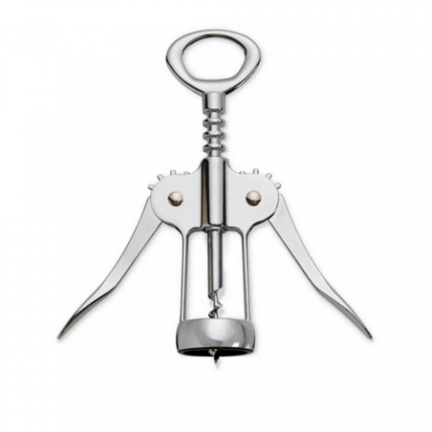 HIC Kitchen Winged Corkscrew, built-in bottle opener in the handle, chrome-plated zinc alloy
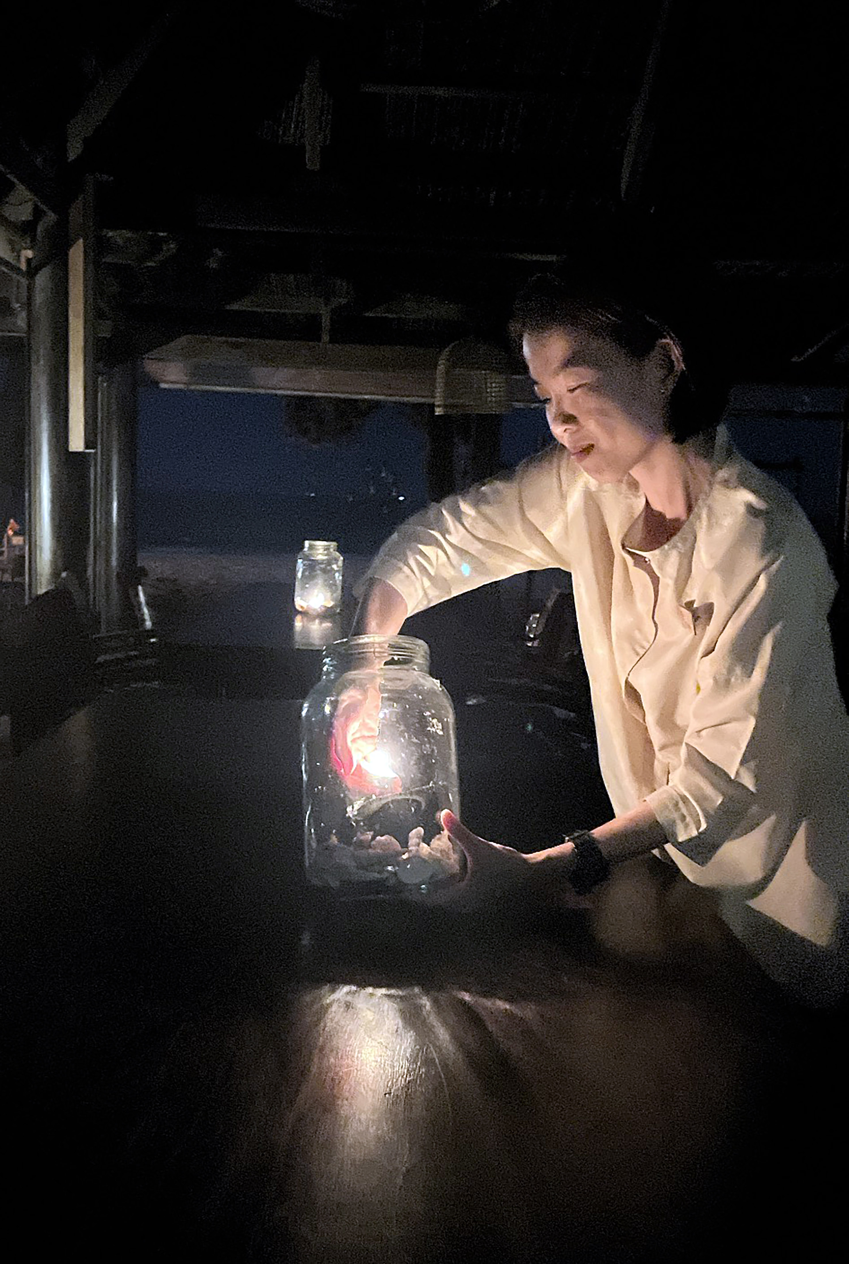 | Nhân viên Hồ Tràm Beach Boutique Resort & spa tắt đèn điện, sử dụng nguồn sáng thân thiên môi trường hưởng ứng Giờ Trái đất năm 2024. Ảnh: Mỹ Lương. |
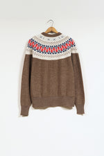 代表的な民族文様であるノルディック。1点の起点から放射状に広がるようなこの柄がニットの編み手法に載った時、それは求心編み(きゅうしんあみ)とも呼ばれる伝統的な絵柄を成します。
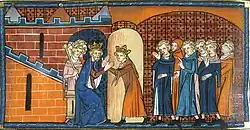 By 1166, it became apparent that Conan was unable to independently maintain order in Brittany, and in response Henry seized control.[96] He betrothed Conan's daughter and heir Constance to his son Geoffrey and took possession of the duchy in Geoffrey's name.[97] At Thouars, Henry received homage from most of the Breton nobles, and then went on to Rennes where the Breton dukes had historically been invested in the city's cathedral.[98] Over the following years, some nobles continued to rebel against Angevin rule, but Henry responded to each rebellion with confiscations of territory and castles.[99] By 1169, the duchy was firmly under Angevin control,[100] with Geoffrey receiving homage from the Breton nobles at Rennes.[101]
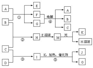 27.(12分)已知物质A是由三种元素组成的化合物,其焰色反应为黄色。B、C、D、K都是单质,反应①-⑤都是工业生产中常见的反应。各物质之间的相互转化关系如下图所示。
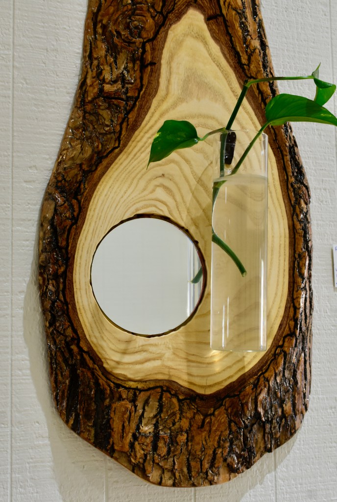 Salvaged knuckle slab with electro-formed textures, resin-sealed with inset mirror and propagation cylinder.
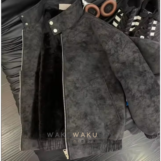 アメリカンスタイル染めPUレザージャケットメンズ春秋大きいサイズクリーンフィットスタンドカラージャケットクールショルダートップシャツ
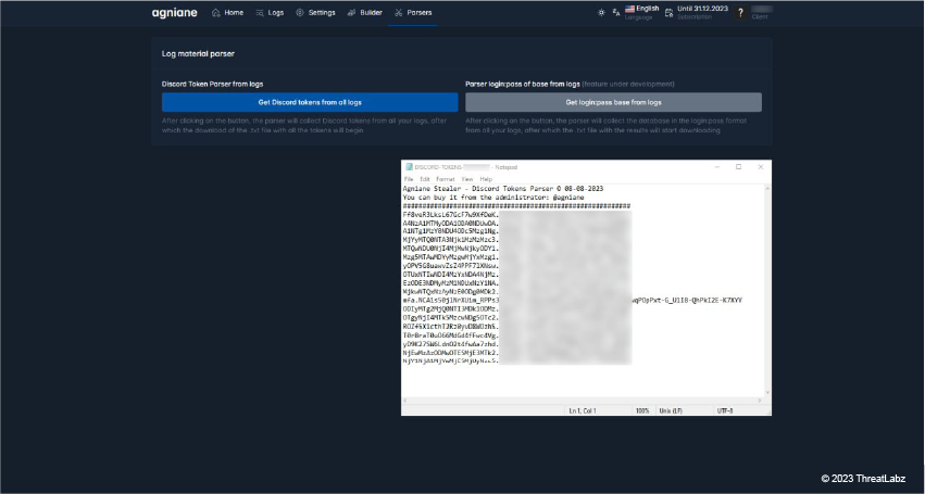 This screen displays options to parse victim logs. A threat actor can use a Discord token or use a login pass (feature under development).
▬▬▬
**Goal of the exercise:** Transcribe all of the listing precisely. The images stay out of it.

**Result:**
 HIC Kitchen Winged Corkscrew, built-in bottle opener in the handle, chrome-plated zinc alloy
 | Nhân viên Hồ Tràm Beach Boutique Resort & spa tắt đèn điện, sử dụng nguồn sáng thân thiên môi trường hưởng ứng Giờ Trái đất năm 2024. Ảnh: Mỹ Lương. |
 代表的な民族文様であるノルディック。1点の起点から放射状に広がるようなこの柄がニットの編み手法に載った時、それは求心編み(きゅうしんあみ)とも呼ばれる伝統的な絵柄を成します。
 By 1166, it became apparent that Conan was unable to independently maintain order in Brittany, and in response Henry seized control.[96] He betrothed Conan's daughter and heir Constance to his son Geoffrey and took possession of the duchy in Geoffrey's name.[97] At Thouars, Henry received homage from most of the Breton nobles, and then went on to Rennes where the Breton dukes had historically been invested in the city's cathedral.[98] Over the following years, some nobles continued to rebel against Angevin rule, but Henry responded to each rebellion with confiscations of territory and castles.[99] By 1169, the duchy was firmly under Angevin control,[100] with Geoffrey receiving homage from the Breton nobles at Rennes.[101]
 27.(12分)已知物质A是由三种元素组成的化合物,其焰色反应为黄色。B、C、D、K都是单质,反应①-⑤都是工业生产中常见的反应。各物质之间的相互转化关系如下图所示。
 Salvaged knuckle slab with electro-formed textures, resin-sealed with inset mirror and propagation cylinder.
 アメリカンスタイル染めPUレザージャケットメンズ春秋大きいサイズクリーンフィットスタンドカラージャケットクールショルダートップシャツ
 This screen displays options to parse victim logs. A threat actor can use a Discord token or use a login pass (feature under development).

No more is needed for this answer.